Shokar, a family physician and a professor of population health at Dell Medical School, became interested in colorectal cancer around 20 years ago. She was dismayed by the disparate outcomes among disease sufferers in different demographics; Black patients fared worse, for instance, as did people without access to regular health screenings and insurance. Because colorectal cancers are often preventable or curable with early detection, she also knew it was possible to close these gaps.

“People aren’t always aware that they’re supposed to be getting screened, so that’s one factor,” she said.

Shokar was able to show this with a program in a predominantly Hispanic community in West Texas that had particularly low screening rates. A high proportion of residents in the area were also low-income and uninsured.

“We made appointments with them, we followed up, we provided reminders and we provided transportation so that we met all these barriers that people have in their lives,” she said.

Along with concerted education efforts, these steps worked. Screening rates jumped to 80% in the county where the program was implemented, compared to about 17% in a neighboring county used as a control group.

Shokar’s challenge now is to connect programs like this that already exist in Texas — and fill in gaps where they don’t — to improve the state's overall screening rate. As of 2022, the National Cancer Institute reported that around 61% of Texans were up-to-date on recommended screenings. The National Department of Health and Human Services has a goal to raise rates nationwide to more than 74% by 2030.

Innovative approaches

CONNECT launched when Shokar and her colleagues received a $3 million grant last year from the Cancer Prevention & Research Institute of Texas (CPRIT), a state agency that funds cancer research.
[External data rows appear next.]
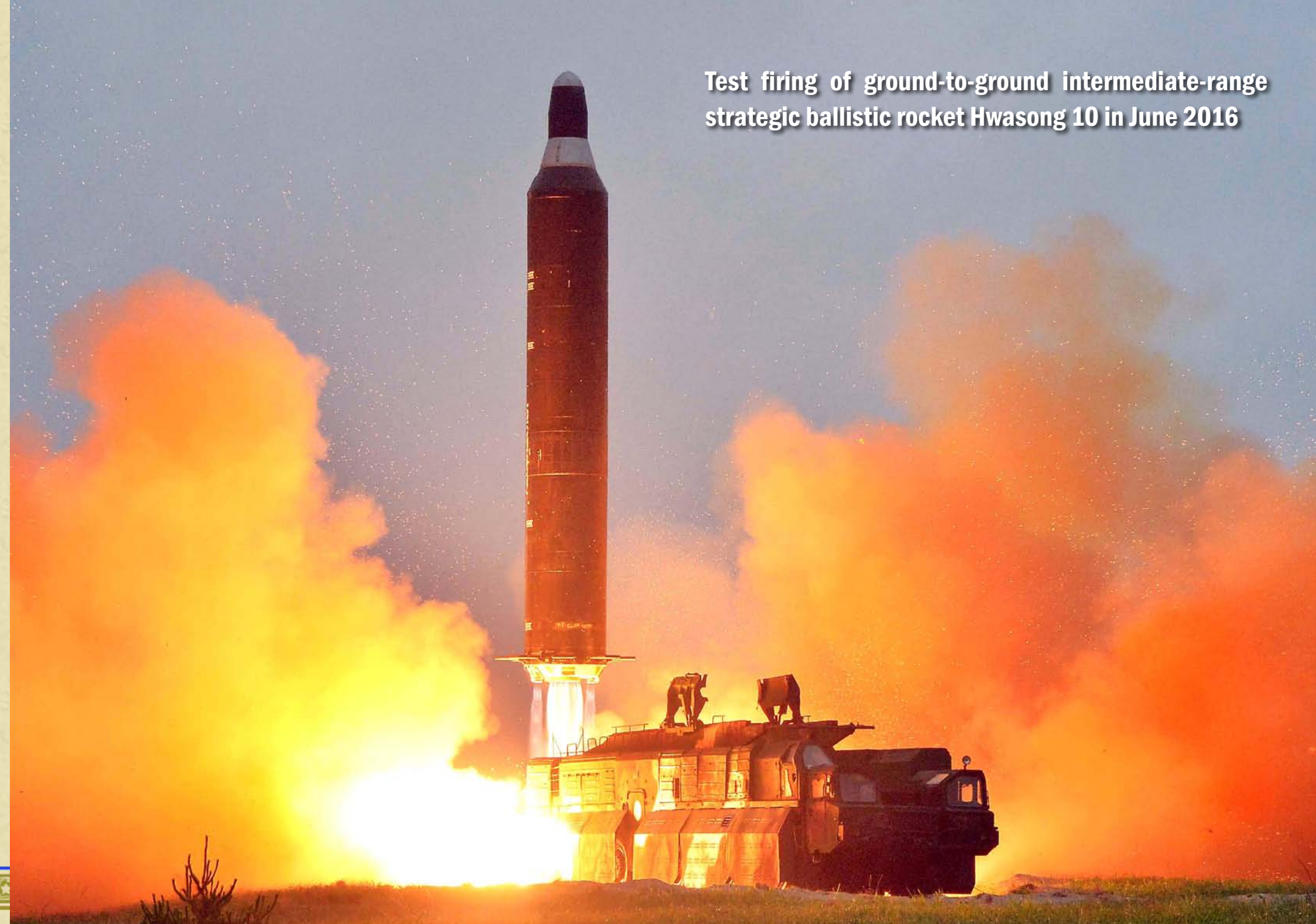
Test firing of ground-to-ground intermediate-range strategic ballistic rocket Hwasong 10 in June 2016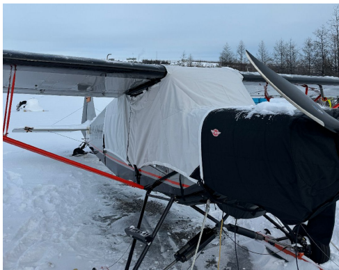
Bushmaster Canopy & Insulated Engine Covers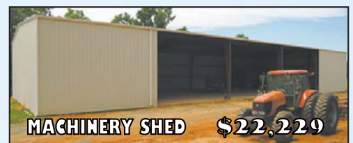
MACHINERY SHED $22,229

8m x 20m x 4m, 2 Sliding Doors Colour Walls Zinc Roof $18,299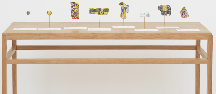
Michael Rakowitz, The invisible enemy should not exist (détail), 2018.

Michael Rakowitz's exhibition contributes to an ongoing investigation on the itinerancy and contingency of artworks; in this context, Rakowitz's practice eloquently delineates the transformative potential of diasporic realities. It fulfils an urgent need to invest the discipline of art history with an ethical rethinking between the links between past and present and to ask: who has access to history? And to what history? It also points towards new ways in which links between cultures and contexts can be formed.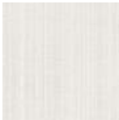
60451 LIGHT YEAR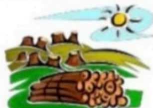
( cozy - deforestation )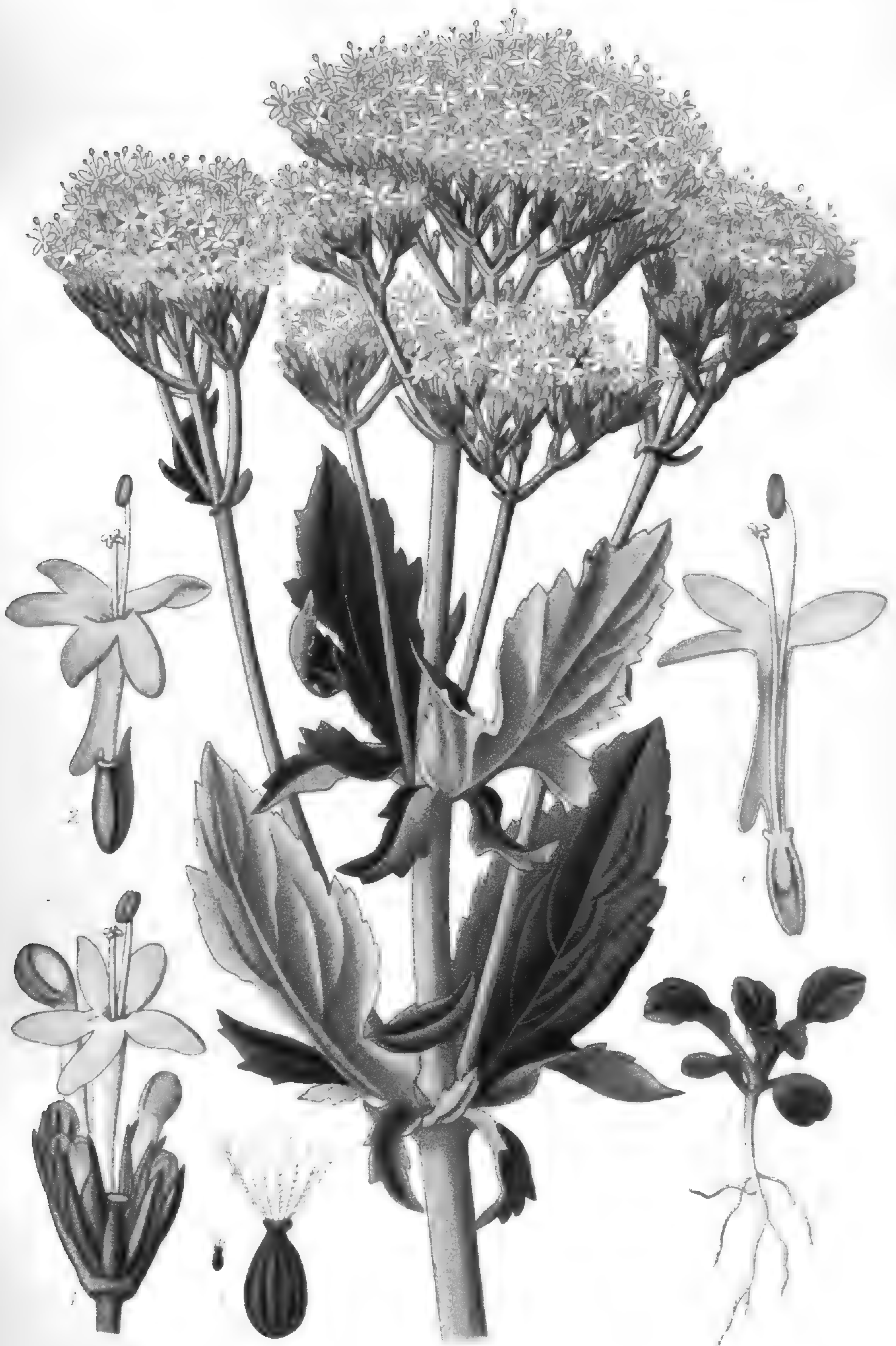
LARGE SPUR VALERIAN (CENTRANTHUS MACROSIPHON)

Carlton Allen, a program manager for CPRIT, said his team hopes this grant will have a trickle-down effect, bolstering screening efforts in remote areas of the state.
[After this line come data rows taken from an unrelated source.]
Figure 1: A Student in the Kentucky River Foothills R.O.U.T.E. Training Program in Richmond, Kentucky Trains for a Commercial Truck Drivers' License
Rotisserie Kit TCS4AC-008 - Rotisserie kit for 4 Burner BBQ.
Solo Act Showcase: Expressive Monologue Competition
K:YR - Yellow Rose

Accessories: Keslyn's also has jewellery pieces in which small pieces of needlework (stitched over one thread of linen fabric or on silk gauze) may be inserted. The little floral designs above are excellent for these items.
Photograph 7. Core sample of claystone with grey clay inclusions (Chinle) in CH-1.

“With the seed funds from this grant, maybe these smaller organizations or rural organizations are able to increase their screening rate and develop systematic changes,” he said.

“If you just screen without those downstream steps happening, you're not going to make an impact, and it's futile, frankly."
Dr. Navkiran Shokar, head of the CONNECT initiative

In a rural area where access to in-person health care is spotty, Shokar’s team might implement something like a mail-in stool testing program. That’s something Shokar’s partner, Dr. Michael Pignone, has done successfully with clinics that serve low-income people in Austin.

A stool test is a lot less cumbersome than a colonoscopy, which requires you to go on a clear liquid diet for a day and take laxatives to clean out your colon so your doctor can see your bowels with a tiny camera. The upside is that a once-a-decade colonoscopy is usually frequent enough to stop any suspicious growths in their tracks and prevent cancer from forming.

A mail-in stool test has to be repeated annually, but is less invasive: Simply collect a sample of your poop at home and mail it back to the lab. Blood in the stool is a sign of a potential problem and triggers a follow-up colonoscopy. One of the CONNECT program’s challenges will be to help programs like this navigate and pay for follow-up colonoscopies and treatment.

“If you just screen without those downstream steps happening, you're not going to make an impact, and it's futile, frankly,” Shokar said.

Shokar’s goal at the end of CONNECT’s initial five-year funding period is to show that raising screening rates is possible if the state and other partners, such as insurers, buy in. She hopes to show that investment in prevention lessens long-term costs to the health system.

“We want to be able to advocate with policymakers, payors and legislators, to see if there are pieces of this that could be funded and supported going forward," she said, "because we've shown the benefit and the cost benefit."